Life (Basic, Supplemental, Accidental)
Many things should be reviewed annually. Does your contract provide benefits other than for death? Are the coverages adequate? Are the guaranteed-issue limits too low? Is administration a problem? Is your rate competitive?
Long-Term Care is the type of care received when someone needs assistance with daily living due to an accident, illness, or advancing age, either at home or in a facility. The need for Long-Term Care is on the rise. Approximately 23% of Americans over the age of 65 use formal long-term care services. Nearly 25% of Americans over age 85 are in nursing homes. Of the 12.8 million people that need help with everyday activities, almost 40% are working age adults (ages 18 - 64).
This product is the newest of the group coverages and the one receiving the most attention. Our population is aging. Medical care advancements will prolong life and people want to maintain their quality of life. Have you reviewed this type of coverage for your employees?
In today's economic environment employees tend to rely heavily upon their employers to provide them with extra benefits. Unfortunately, most employers are not able to meet those needs to the extent that the employee might desire. Consequently, there is a need for voluntary programs structured on a payroll deduction basis.
These programs would include additional coverage for auto,
homeowners, dental, short-term disability, long-term disability, long-term
care, life, accidental death and cancer insurance. Voluntary programs are
offered on a group basis, thus they are discounted and available (based upon
participation) on a guaranteed issue basis.
In addition to the convenience of issue and purchase, these policies are portable. This means that if an employee stops working at your facility for whatever reason, that individual may keep the policy(ies) in force by simply continuing to make premium payments on his/her own at the same low rate. The premium costs will never increase and the coverage amount will never decrease.
Flexible Spending Accounts
Section 125 of the Internal Revenue Service Code allows employees to pay for group insurance premiums, unreimbursed health care expenses, qualified dependent care expenses and certain transportation expenses with pre-tax dollars. We provide complete administration for these accounts as well as assistance for those employers that wish a Premium Only Plan (POP).
Premium Only Plan (POP)
This plan allows employees to pay for their portion of the premiums for medical, dental, accident and health coverages on a pre-tax basis.

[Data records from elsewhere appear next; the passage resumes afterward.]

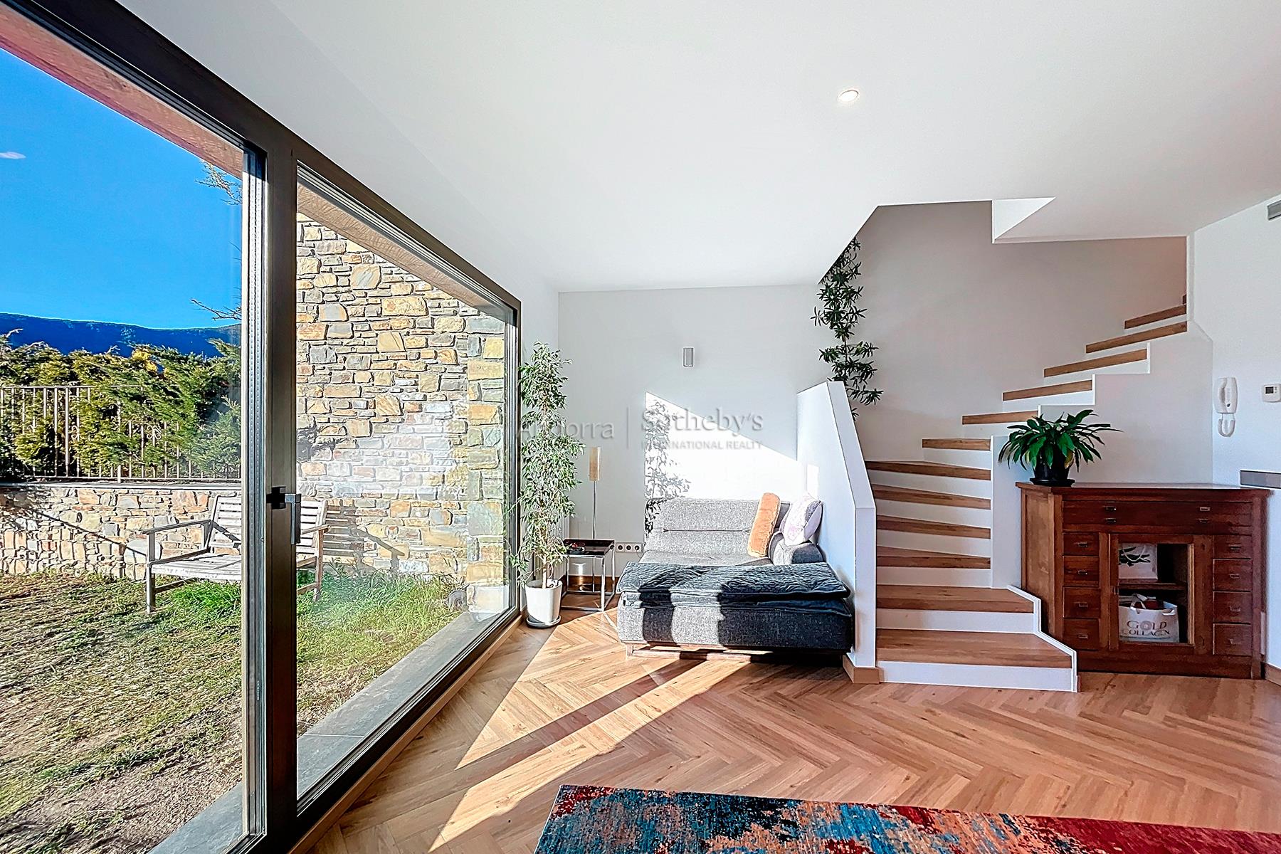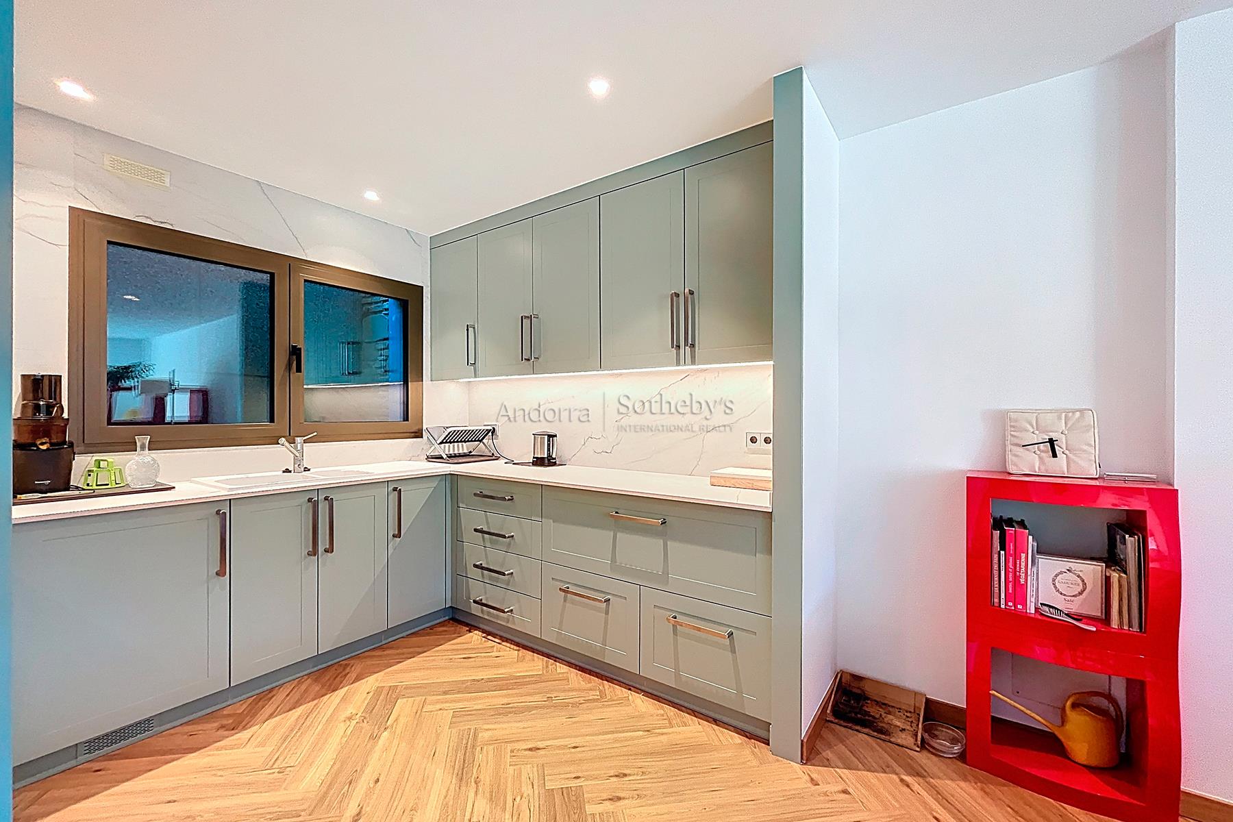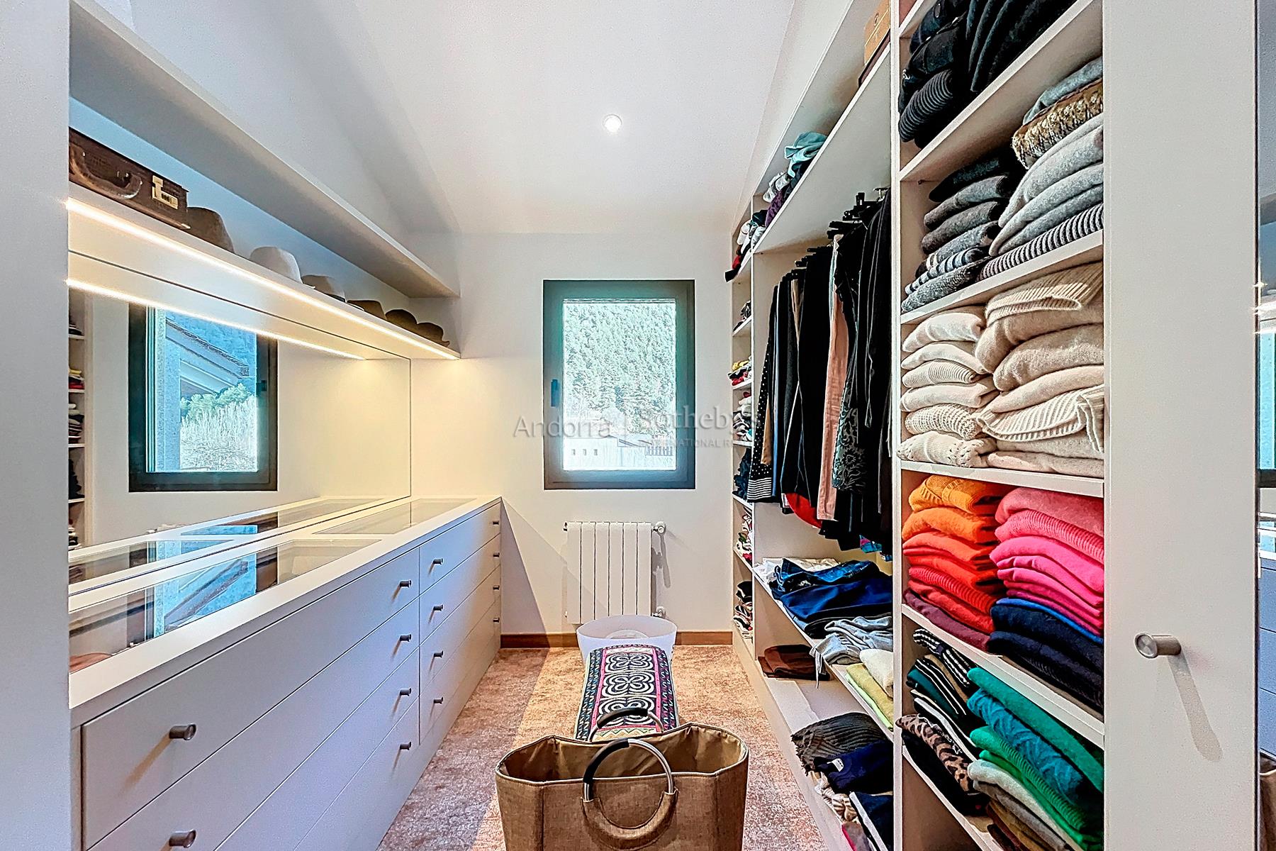 Discover this charming terraced house in Engolasters, ideal for those seeking to combine comfort and functionality. With 219.58 m² spread across three floors, plus the garage level, it offers spacious and well-connected spaces, perfect for the whole family. Recently renovated, the house is in impeccable and updated condition, and all levels of the living space are connected by an elevator, in addition to stairs. The ground floor features a cozy living-dining room with a wood fireplace and access to a garden that offers stunning views of Escaldes and Andorra. This space, with afternoon sun, is perfect for enjoying pleasant outdoor moments. It also includes a fully equipped kitchen and a guest toilet. On the first floor, you'll find two spacious double bedrooms and one single bedroom, with outdoor views and built-in wardrobes, along with a full bathroom with a bathtub. The attic level includes the master bedroom, a full bathroom, and a practical and spacious walk-in closet. From the bedroom, there's access to a west-facing terrace, ideal for enjoying afternoon sunlight and a pleasant outdoor space. The underground garage has capacity for two cars and includes storage spaces, a technical room, and a laundry area. From the garage, there is direct access to the house. This property has been fully renovated recently, with high-quality materials, including triple-glazed windows that are ideal for reducing noise and cold. The outdoor areas, oriented west, ensure excellent natural lighting throughout the afternoon and evening. The privileged views from the garden and terrace are one of the main highlights of this property. A standout option for those looking for comfort, functionality, and spectacular views in a peaceful and pleasant environment, just 8 minutes by car from the center of Escaldes.Features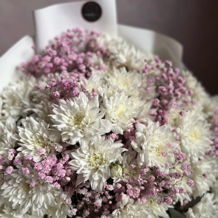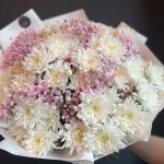 Букет из кустовой хризантемы и гипсофилы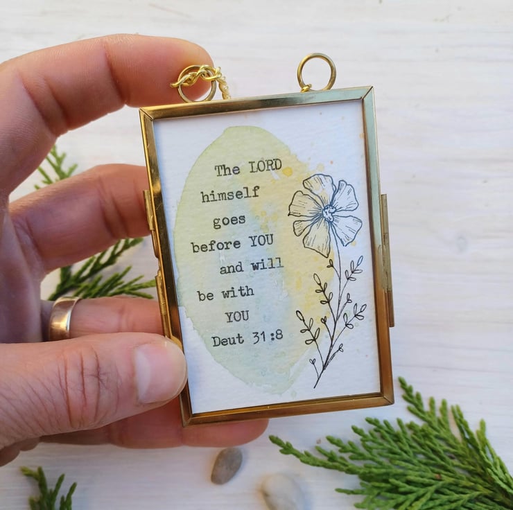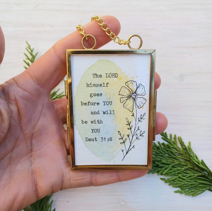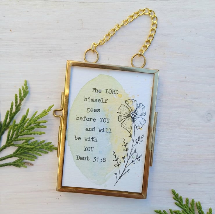 This is a mini hand painted water colour, bible scripture quote, encouragement Gift, with a beautiful hand drawn flower illustration. Presented in this lovely little gold metal and glass hanging frame.

Health Care Spending Accounts allow you to use tax-free dollars to pay for certain expenses that are not paid for by your medical and dental plan. For example, items such as deductibles, co-payments, eyeglasses, uncovered dental expenses, uncovered medical expenses and chiropractic just to name a few. An employee may elect to reduce his/her gross pay in order to fund a Health Care Spending Account.
Dependent Care Spending Accounts allow you to pay for up to $5,000 of eligible dependent care (child or adult) expenses on a tax-free basis.
Transportation Expense Spending Accounts allow employees to pay pre-tax for up to $175 per month in qualified parking expenses and up to $65 per month in commuting expenses.
Health Savings Accounts (HSA)
Beginning January 1, 2004, individuals enrolled in high-deductible health plans ("HDHPs") may establish HSAs to reimburse tax-favored contributions. The resulting HAS balances may then be distributed on a tax-free basis to pay or reimburse qualifying health expenses, may be accumulated for future health expenses, or may be used (on a taxable basis) for non-health purposes either currently or in the future. An HDHP is a health plan that has a deductible of at least $1,000 for self-only coverage and $2,000 for family coverage, and that has an out-of-pocket limit on covered expenses of no more than $5,000 for self-only coverage and $10,000 for family coverage (These dollar amounts will be adjusted for inflation beginning in 2005).